Занятия Литты с Михаилом сложились очень хорошо, хотя немного неожиданно. Михаил являлся утром, скромно одетый, проходил в классную, сидел ровно столько, сколько было нужно. Никаких посторонних разговоров не происходило. Литта оказалась очень способной к математике — и они оба искренно увлеклись занятиями.

У Литты бывали минуты, — хотелось заговорить с ним, спросить… и она робела. Так далеко и холодно, и чуждо глядели синие глаза.

В это утро они занимались решением новой, трудной для Литты задачи. Классная, большая, пустая комната, выходила окнами на двор. Сквозь опущенные белые шторы солнце матово желтило воздух.

Дверь приотворилась. Пожилая горничная в белом чепчике поманила Литту.

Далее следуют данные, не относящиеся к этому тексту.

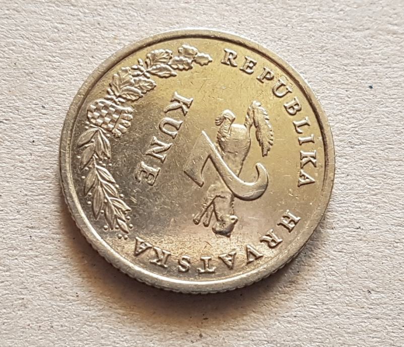 HRVATSKA CROATIA 2 KUNE 2019 -TUNJ- ERROR- ZR-ZAOKRENUT REVERS, TIP 5
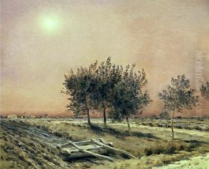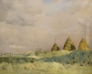Weite Sommerlandschaft Mit Heuhocke Und Einem Gehoft
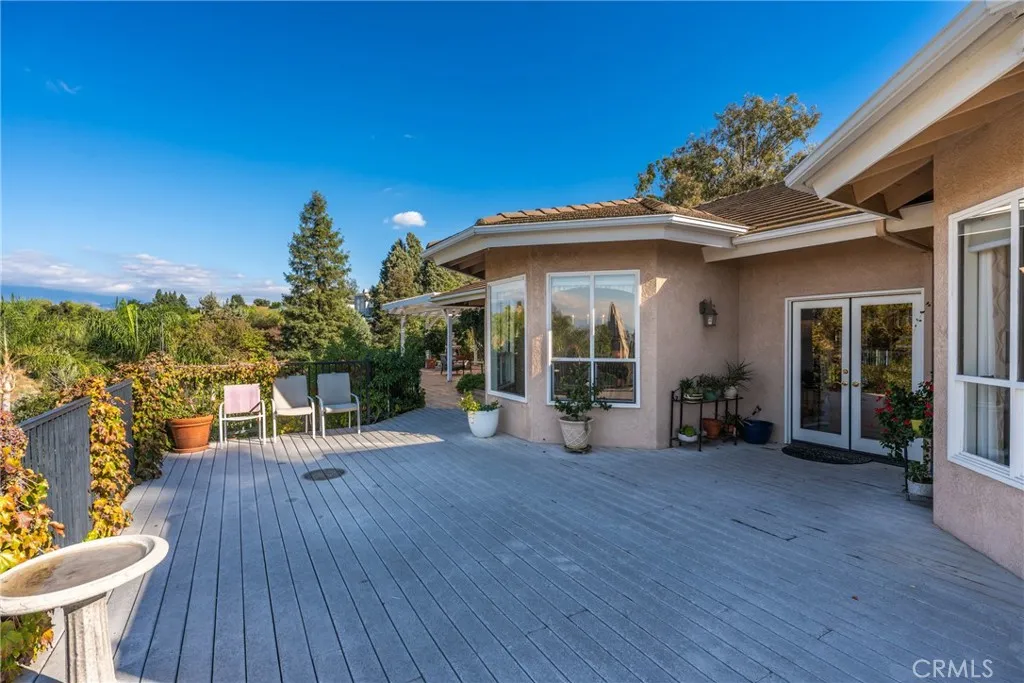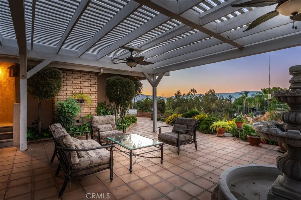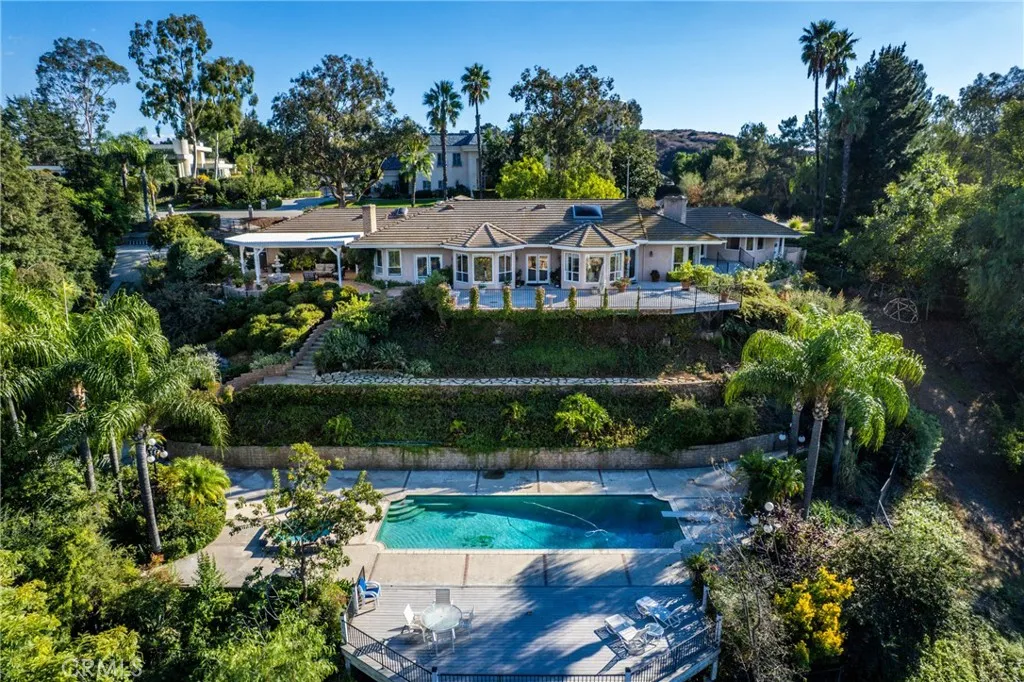Single-Story Redlands Estate with Pool, Spa & 180 Views on 1.5 Acres. Discover one of Redlands most stunning homes, an expansive single-story estate on 1.47 acres with sweeping 180-degree views of sunsets, mountains, and lush greenery. Enter through a contemporary grand portico with double leaded-glass doors into a formal entry with soaring cathedral ceilings, a refurbished skylight, and picture windows that flood the home with natural light, making the elegant crystal chandeliers shimmer. Several rooms have been freshly repainted, enhancing the homes timeless appeal. The entertainers floor plan flows effortlessly with open living and dining spaces, a handsome turret-style formal dining room, and a bright breakfast nook. The chefs kitchen boasts granite counters, a large island, walk-in pantry, sliding drawers, and Sub-Zero appliances including a refrigerator and dual-zone wine cooler. The in-law floor plan features two east-wing bedrooms, while the private west-wing primary suite offers a true retreat with a fireplace, walk-in closets, ensuite spa-style bathroom, and French doors opening to a private patio with a built-in spa. Step outside to a resort-inspired backyard designed for unforgettable gatherings. Highlights include a massive Trex deck, an oversized gated pool and spa, and a sunken courtyard with gazebothe perfect setting for outdoor dining, weddings, or private events. The grounds also feature upgraded landscaping, a circular driveway, generous RV parking with hookups, and a flourishing orchard with avocado, blood orange, grapefruit, peach, cherry, tangerine, an

Девочка нетерпеливо пожала плечами.

— Сейчас!

Немного удивленная, вышла в светлый коридор.

— От Юрия Николаевича, — тихо сказала горничная.

В доме графини все говорили тихо. Горничная Гликерия, степенная и вымуштрованная, так любила Юрия, что даже имя его произносила громче обыкновенного.

— Записочка вам от них. И барышня там ждут ответа.

— Какая барышня? От Юрочки?

Литта поспешно разорвала конверт. Всего несколько строк:

«Улитка, прими сейчас же подательницу этого письма. Прими в классной, если у тебя учитель мат. — А там видно будет. Она хорошая. Сестра. Буду скоро. Целую, детка. Записку порви».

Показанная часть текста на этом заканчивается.